It was feeling like we were in parallel universes and that resolution was slipping further and further away.


Only two meetings ago in our Collaborative Process, the parties had landed on a preferred solution to explore further. At the next meeting, we had a neutral expert weigh in on that solution and share information with the parties. We happily went away to do some further homework feeling like we'd made real progress only to find ourselves in our next meeting, feeling like we’d taken 5 steps back.


My client and I were struggling to understand the new information being presented by the other party and her lawyer. Likewise, they were struggling to understand where my client and I were coming from. The confusion was creating frustration and inevitably things were heating up.


My brain was whirring: What was going on? How could things have slipped away from us so terribly? Why does it feel we are coming from entirely different places from where we were two meetings ago?

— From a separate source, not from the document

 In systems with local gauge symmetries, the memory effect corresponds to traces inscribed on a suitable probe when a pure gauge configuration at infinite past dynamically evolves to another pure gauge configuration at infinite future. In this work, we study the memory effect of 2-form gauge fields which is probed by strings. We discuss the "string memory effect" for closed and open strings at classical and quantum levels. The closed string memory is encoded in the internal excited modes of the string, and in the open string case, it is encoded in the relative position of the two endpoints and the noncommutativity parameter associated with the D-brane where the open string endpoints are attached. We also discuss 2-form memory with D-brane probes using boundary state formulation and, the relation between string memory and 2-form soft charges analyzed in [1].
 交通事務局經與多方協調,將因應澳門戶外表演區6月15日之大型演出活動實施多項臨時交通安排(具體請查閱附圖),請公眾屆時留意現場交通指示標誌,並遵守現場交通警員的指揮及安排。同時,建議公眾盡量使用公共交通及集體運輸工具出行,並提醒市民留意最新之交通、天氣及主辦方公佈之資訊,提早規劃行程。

The answer was that we WERE coming from entirely different places. The problem was we had all assumed the others knew the place we were at and that they were in the same place themselves.

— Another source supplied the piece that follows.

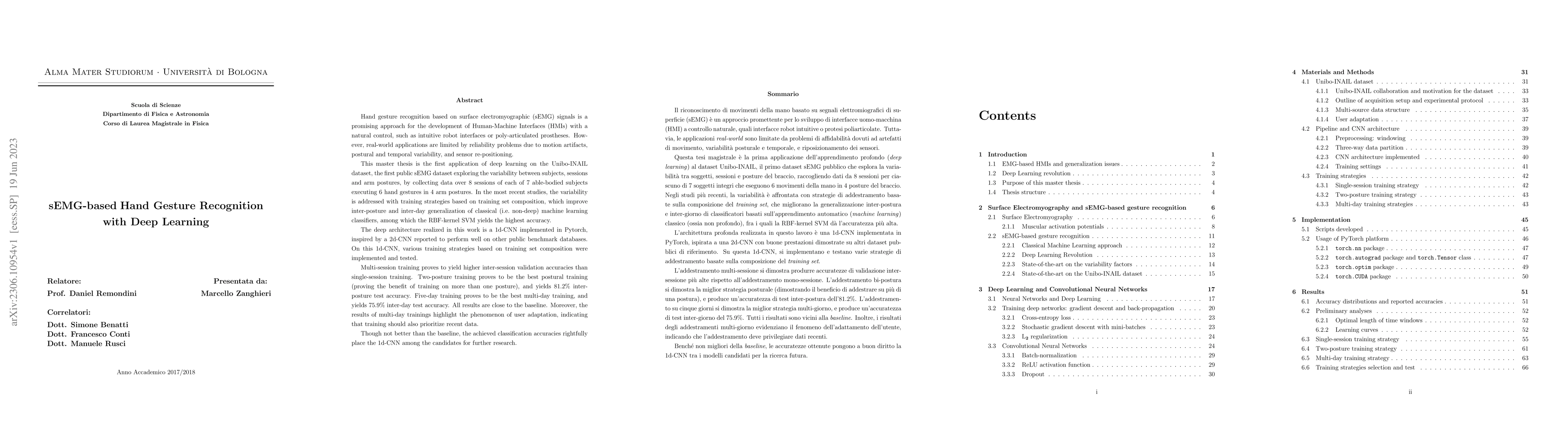 Hand gesture recognition based on surface electromyographic (sEMG) signals is a promising approach for developing Human-Machine Interfaces (HMIs) with a natural control, such as intuitive robot interfaces or poly-articulated prostheses. However, real-world applications are limited by reliability problems due to motion artefacts, postural and temporal variability, and sensor re-positioning. This master thesis is the first application of deep learning on the Unibo-INAIL dataset, the first public sEMG dataset exploring the variability between subjects, sessions and arm postures by collecting data over 8 sessions of each of 7 able-bodied subjects executing 6 hand gestures in 4 arm postures. Recent studies address variability with strategies based on training set composition, which improve inter-posture and inter-day generalization of non-deep machine learning classifiers, among which the RBF-kernel SVM yields the highest accuracy. The deep architecture realized in this work is a 1d-CNN inspired by a 2d-CNN reported to perform well on other public benchmark databases. On this 1d-CNN, various training strategies based on training set composition were implemented and tested. Multi-session training proves to yield higher inter-session validation accuracies than single-session training. Two-posture training proves the best postural training (proving the benefit of training on more than one posture) and yields 81.2% inter-posture test accuracy. Five-day training proves the best multi-day training, yielding 75.9% inter-day test accuracy. All results are close to the baseline. Moreover, the results of multi-day training highlight the phenomenon of user adaptation, indicating that training should also prioritize recent data. Though not better than the baseline, the achieved classification accuracies rightfully place the 1d-CNN among the candidates for further research.

When we left the meeting with the neutral expert, my client and I assumed that the preferred solution was still the same for us all and that the useful information from the expert was being applied to that solution. The other party and her lawyer assumed that the information meant a new solution was being looked at. Dial up confusion and a tonne of crossed wires!


When we dug deeper into where each party was coming from and discovered the source of confusion we all had a giant “a-ha” moment! Things were able to be quickly cleared up. Apologies were exchanged. Lessons were learned.

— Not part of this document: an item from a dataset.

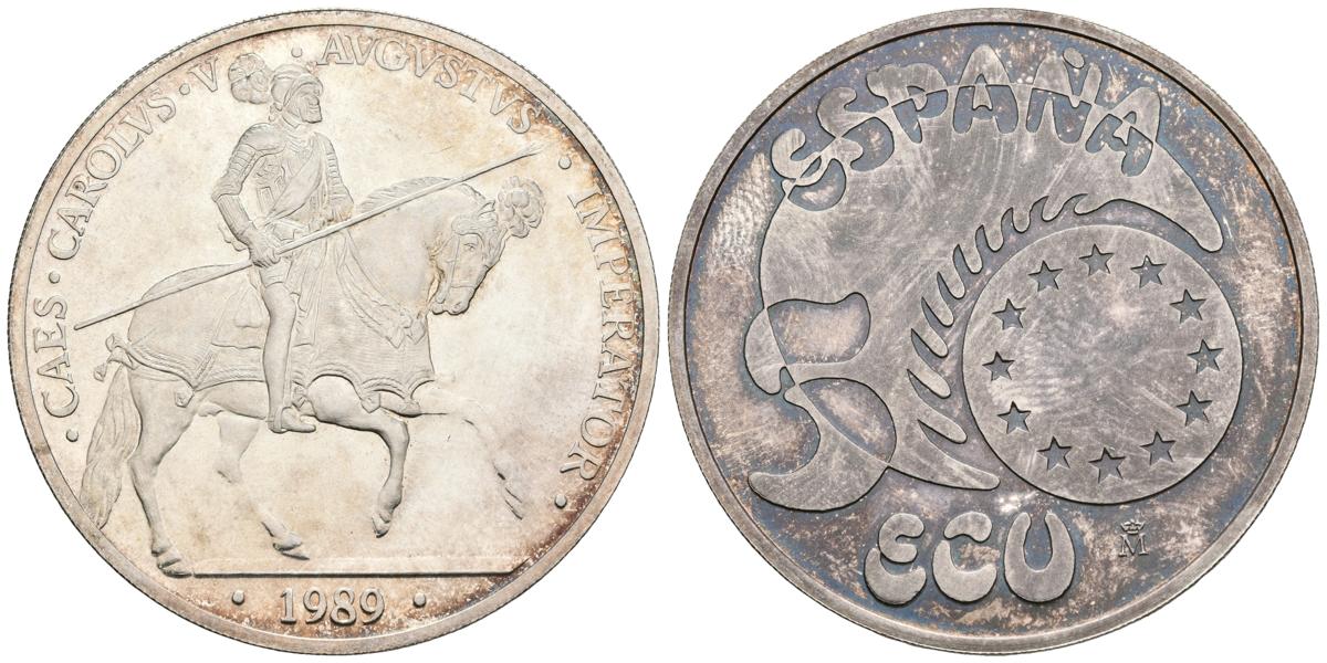 JUAN CARLOS I. 5 Ecu. Carlos V. Presentado en estuche oficial de FNMT. Ar. 33,69g. Tono. SC-.

This experience was a useful reminder of how easily we make assumptions all the time in our dispute resolution processes, consciously and unconsciously. Aren’t our unconscious biases just assumptions? Our assumptions can start before we even have met the other party, in hearing about them from our client. They can be drawn from what is said and, more importantly, what is not said. They are shaped by our own experiences and coloured by how we make sense of the problem before us.

What will I be more conscientious about doing in future?


I will be drawing on this mantra: Before you 'assume', try this crazy method call 'asking'. Curiosity got us out of our confused mess of assumptions in my collaborative case and it can very well prevent us making assumptions in the first place and finding ourselves in such a mess.


My curiosity will be about my own assumptions, biases and imperfect sense making, as much as it is about others.


I certainly will be very deliberately checking at the end of each meeting that we all are on the same page about what the situation is and what we are all doing! You’d assume we would have done this in our case but, we all know what happens when we assume!